Northgard Review

Written by Rick Lane

March 16, 2018 | 12:00

Tags: #northgard #rts #vikings

Price: £23.79

Developer: Shiro Games

Publisher: Shiro Games

Platform: PC

Northgard is the nicest game about Vikings that you'll ever play. It feels a bit odd to say this, considering that Shiro Games' RTS doesn't exactly shy away from the realities of settling a far-flung, half-frozen Arctic wilderness. Northgard simulates the biting winters of Scandinavia, the perils of exploring distant lands, and the fact that the Vikings were quite a prickly bunch with a tendency to lay fire and sword to anyone who wasn't in their “tribe”. But all of this, even the fire and sword bits, are presented in such a colourful, laid-back, pastoral manner that I can't help but think of Northgard as anything other than lovely.

Yet there's more to Northgard than a pretty face. Within its fairly traditional structure of erecting buildings, exploring territory, and conquering your opponents are some subtly ingenious ideas, and considering how hard it is to innovate within the RTS' rigid constraints, this is very impressive.
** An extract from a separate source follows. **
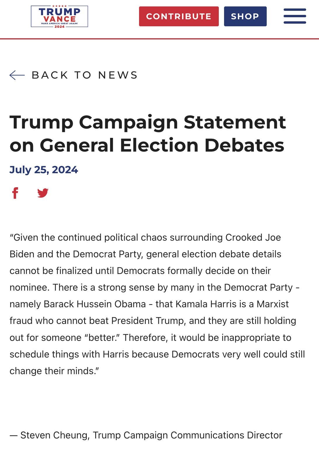 Acyn provides one more funny video, it is of Sean Hannity. Y’all know how Sean Hannity is probably the stupidest person in the whole entire Fox News lineup, at least in the eyes of Rupert? Here is Hannity reporting first that Trump is weenus-ing out of the debates, and immediately afterward reporting that Barack and Michelle Obama are about to endorse Kamala Harris, apparently blissfully ignorant of how the press release from Trump (above) is full of masturbation wishes and excuses that there is CHAOS! in the Democrats, and Obama is looking for somebody new to endorse, and that Trump can‘t possibly commit to debates until that’s all sorted.
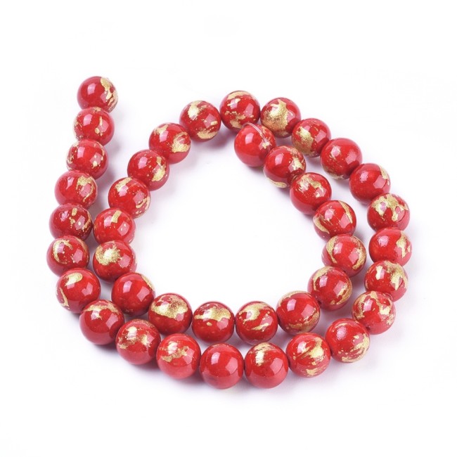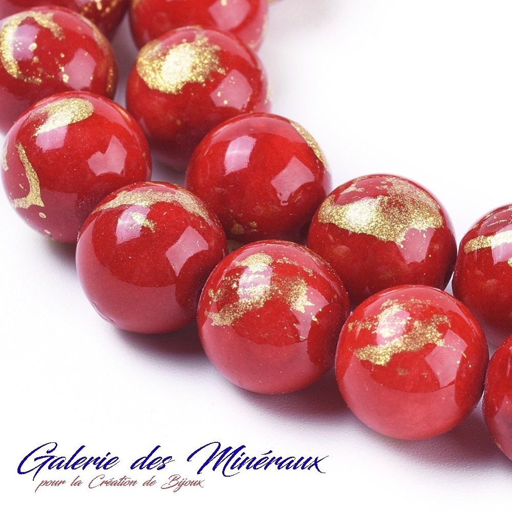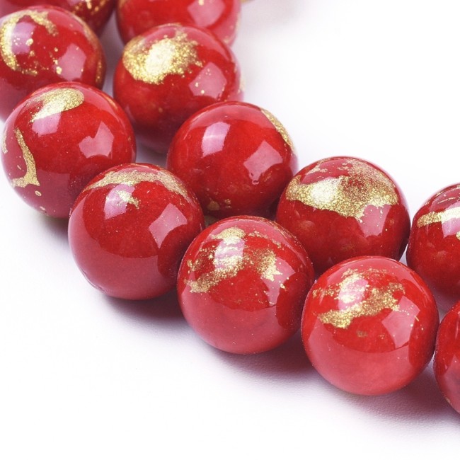 JADE MASHAN Rouge avec Poudre d'or gemme pierre naturelle en lot de grosses perles rondes, lisses et percées

A typical game of Northgard sees you assume the role of one of several Viking tribes, each of which has slightly different abilities that lets them play in a unique way. All of them, however, have the same basic goals to achieve. You need to construct buildings, sustain your population, explore the map, and defeat your opponents according to whatever the victory condition of the map is (such as conquest or trade war).

All of this is standard RTS fare. But it's in how you do these things where Northgard's differences are revealed. For starters, you can't just construct buildings wherever you like. The procedurally generated map is divided into regions which must be colonised before you can build anything in them. This is achieved by removing any hostile opponents or wildlife in the area and then spending a certain number of resources to assume control of the area.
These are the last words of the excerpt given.